Highly deformable hydrogels constructed by pH-triggered polyacid nanoparticle disassembly in aqueous dispersions.

Most hydrogels are prepared using small-molecule monomers but unfortunately this approach may not be feasible for certain biomaterial applications. Consequently, alternative gel construction strategies have been established, which include using covalent inter-linking of preformed gel particles, or microgels (MGs). For example, covalently interlinking pH-responsive MGs can produce hydrogels comprising doubly crosslinked microgels (DX MGs). We hypothesised that the deformability of such DX MGs was limited by the presence of intra-MG crosslinking. Thus, in this study we designed new nanoparticle (NP)-based gels based on pH-swellable NPs that are not internally crosslinked. Two polyacid NPs were synthesised containing methacrylic acid (MAA) and either ethyl acrylate (EA) or methyl methacrylate (MMA). The PMAA-EA and PMAA-MMA NPs were subsequently vinyl-functionalised using glycidyl methacrylate (GMA) prior to gel formation via free-radical crosslinking.
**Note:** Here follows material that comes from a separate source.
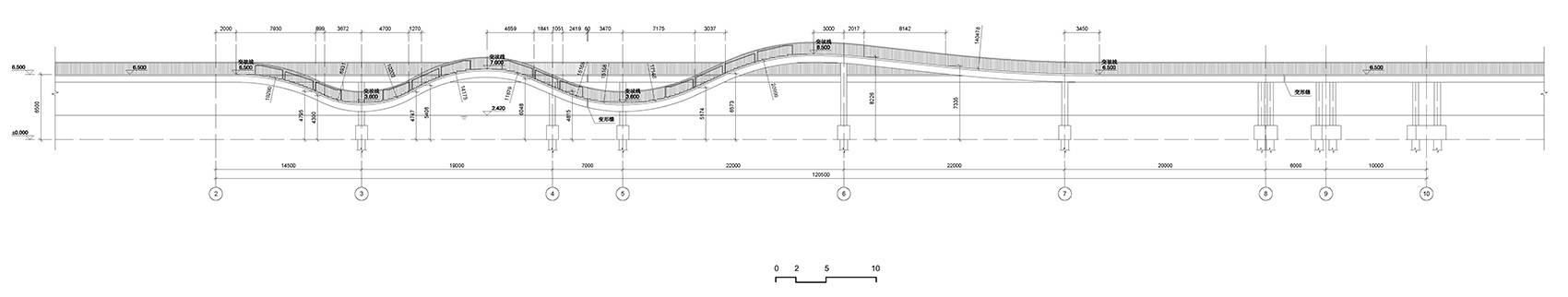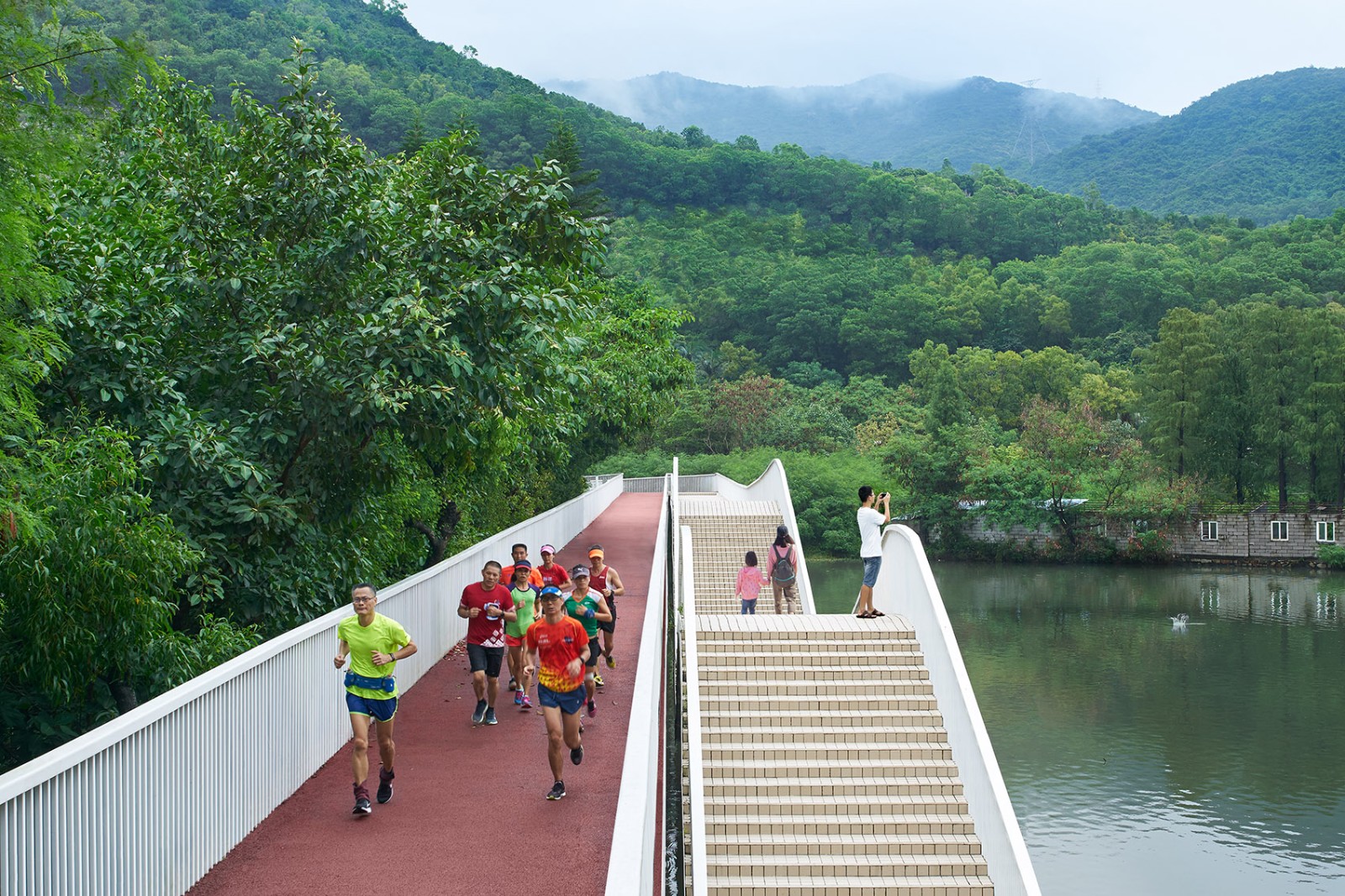 To become a landscape feature, the design looks in to Jade Belt Bridge (famous in Chinese classical gardens) as reference. Straight line reflects water surface, while curved line represents the undulating hills. Two passage of Split Bridge makes a combination of both. Also, the different heights of walking trails create interesting viewpoints for spectators.
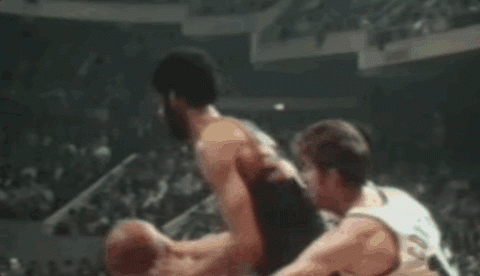 打个不恰当的比喻,一般球员勾手就像跳投里的单动式(one motion)投篮,在下肢发力的瞬间,一气呵成,把球投出。而贾巴尔的天勾更像双动式(two motion)投篮,下肢发力起跳,在最高点再用上肢发力,把球投进篮筐。换句话说,天勾就是勾手里的干拔。

The NPs mostly disassembled on raising the solution pH but some self-crosslinking was nevertheless evident. The gels constructed from the EA- and MMA-based NPs had greater breaking strains than a control DX MG. The effect of varying the solution pH during curing on the morphology and mechanical properties of gels prepared using PMAA-MMA-GMA NPs was studied and both remarkable deformability and excellent recovery were observed. The gels were strongly pH-responsive and had tensile breaking strains of up to 420% with a compressive strain-at-break of more than 93%. An optimised formulation produced the most deformable and stretchable gel yet constructed using NPs or MGs as the only building block.